The growing trend in the MES space, (which the dominate solution is “custom solutions”), is to replace these systems with “off the shelf” products, enabling companies to focus on the core business. This trend is similar to the ERP space in the 90s, and initially in the MES space in the late 90s, and 2000s, but MES solutions of this time did not deliver the complete solution, and the eventual solutions have become unsustainable for the “operational journey”. Thousands of sites have installed MES Products from Invensys and other vendors, that are highly successfully having run for over decade delivering significant value, but this time around there is more functionality capability people want, the architecture is not just one plant but multiple, and tolerance for custom code has significantly dropped. So why?
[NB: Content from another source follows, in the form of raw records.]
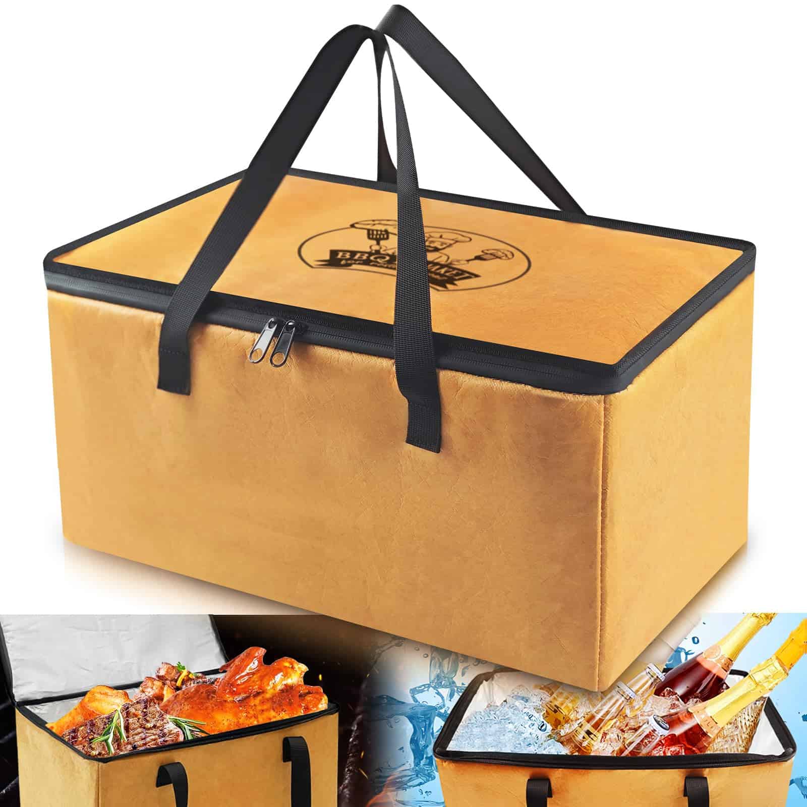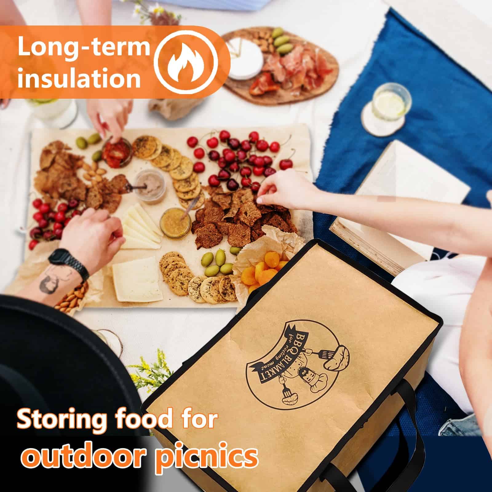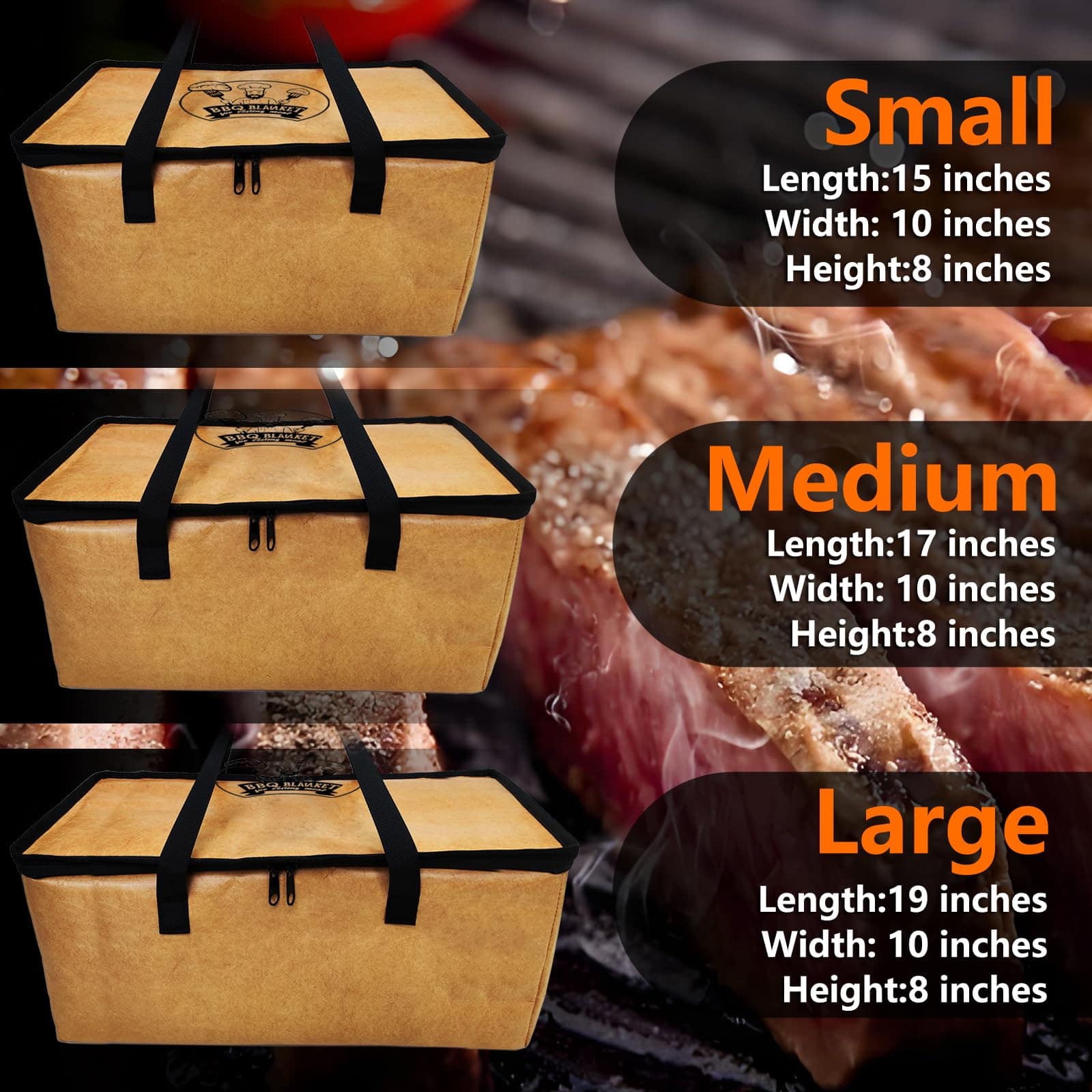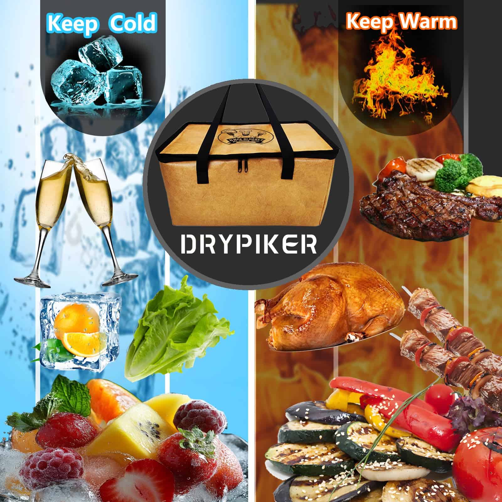 Manta para descansar carne asada DRYPIKER BBQ para transportar y descansar carnes ahumadas. Esta manta es ideal para mantener la carne caliente y jugosa, sin perder calor ni distribución desigual de los jugos. Cuenta con un cierre de cremallera para un sellado mejorado, lo que evita derrames de jugos de carne. Su diseño espacioso permite transportar 1-2 pavos o un gran brisket, brindando varias porciones de carne. La construcción de tres capas incluye una capa reflectante sin costuras, una capa de aislamiento de perlas de algodón y una capa superior resistente a las rasgaduras y a la grasa, asegurando durabilidad y resistencia. Esta manta es reutilizable, ya que su capa reflectante aislante puede limpiarse fácilmente para su próximo uso. Un regalo ideal para esposos o padres amantes de la barbacoa, que apreciarán la practicidad y utilidad de esta bolsa de entrega BBQ.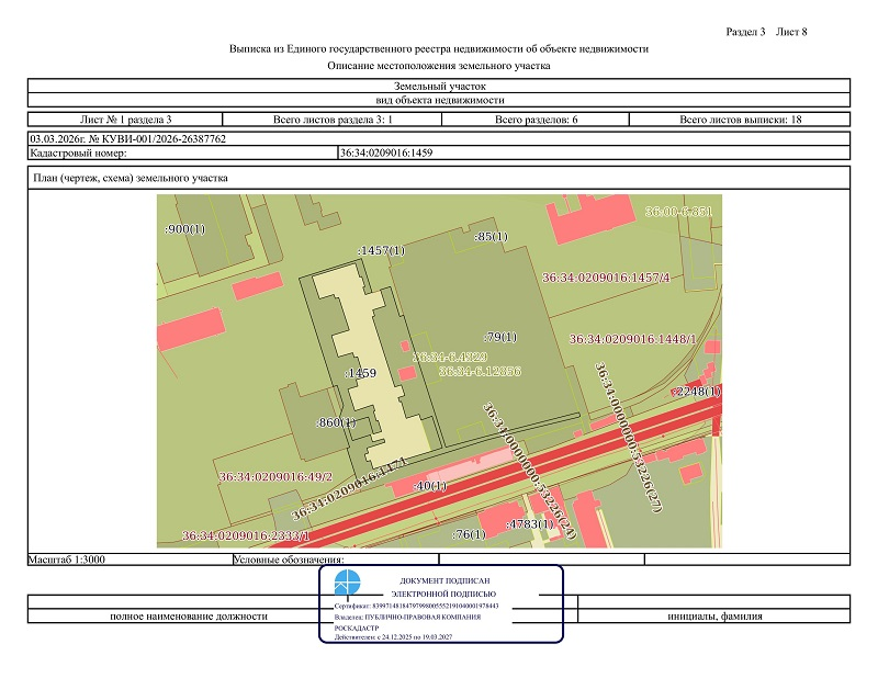 Площадь: 8955 +/- 33 кв.м. Кадастровый номер: 36:34:0209016:1459.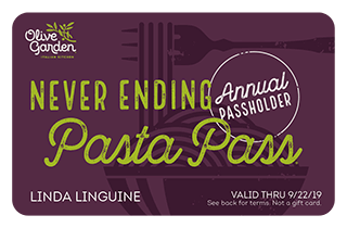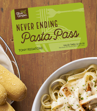 Annual Pasta Pass Present pass to server at time of ordering along with a photo ID. Named Passholder may redeem for unlimited Never Ending Pasta Bowl® (NEPB) meals 9/24/18–9/22/19, excluding 11/22/18 and 12/25/18 (restaurants closed for holidays). Each "NEPB meal" consists of pasta, available sauces and a single topping serving from the promotional NEPB menu. All other entrées excluded. Each meal is for one person and may not be shared. Dine-in only. Valid at any Olive Garden location in the U.S. (excl. Puerto Rico). Not valid for online or ToGo orders. One redemption per visit. Excludes gratuity, alcohol and any other menu item not listed herein. Pass is not a gift card and is not reloadable; is non-transferable without permission, holds no value and amount paid (if applicable) is non-refundable. Use signifies agreement to all terms and Olive Garden's Privacy Policy (www.olivegarden.com/privacy-policy). Questions? Olive Garden Guest Relations, (844) 209-3484. Expires 9/22/19. © 2018 Darden Concepts, Inc.

And why now?
Reflecting on the discussions across many industries from process, mining, food, beverage, and general manufacturing, there are some common threads to the demise of “custom MES”:
· The customer MES solutions are functionally very rich exceeding the traditional functional definitions of MESA etc with inbuilt operational practices in code, often focused on only a plant’s needs. The pace of change in operations, and pressure for new capability is growing both in capability and time to deliver.
· Opportunities have moved from one plant to multiple plant, in order to provide the consistency and agility across the industrial landscape. Requiring significant governance, and alignment both in execution and information.
· There is a younger generation (Gen X born 1960 to 80s) at the CIO and engineering level that have grown up with “packaged software”, and know that it works and should be leveraged.
· Rotating staff in all roles requires faster time to experience, requiring embedded operational practices across plants.
It is also necessary to note that the MES solutions on the market where developed from a level 3 point of view yet when applied they must interact with the plant automation systems, as well as the many workers across the plants.
There were two areas of solution that contributed to the custom code:
Automation Layer Integartion:
Since the MES Products originated from level 3 specialized supplies (even if they are now apart of automation companies their origins came from standalone companies) the plant floor integration was external to MES model using OPC etc, requiring significant custom code in the automation layer was to validate the event, and data. A sustainable solution requires level 2 and 3 systems natively modeled, with minimal custom code as illustrated below. The ability to configure (not code) a set of equipment templates, that model the equipment (entities) with built in supervisory capability as well as operational capability for such things as production data capture, quality sampling, utilization capture etc. Rolling these templates out over multiple sites, providing a consistent automated production event/ data capture.
Client, Human Interface:
The second area of significant coding on the first generation of MES solutions was at the client or user interface that captures manual data, at production event generation. The data validation is required as close to source, requiring significant custom code that guides the data entry for the user with constructive feedback. Also, the job never seemed to finish with the operational practices continuing to change/ evolve as the companies operational practices evolved. In the above solution workflow combined with form generation and interaction, enables change and evolution in a sustainable manner.”Activity” specific interfaces and associated workflows will guide the user through the activity, and interface to MES capability capturing the required information.
The above approach is a full MES/ Operations architecture, that enables the configuration of embedded operational practices of a site and company, but in “off the shelf” products, faster solution delivery and in a more sustainable way. In many ways, this adding of realtime natural interface, combined with workflow for human interaction and embedded operational procedures extends the traditional MES capability as defined by “MESA or ISA 95” to be a second generation that does have the opportunity to be adopted across 1000s of plants.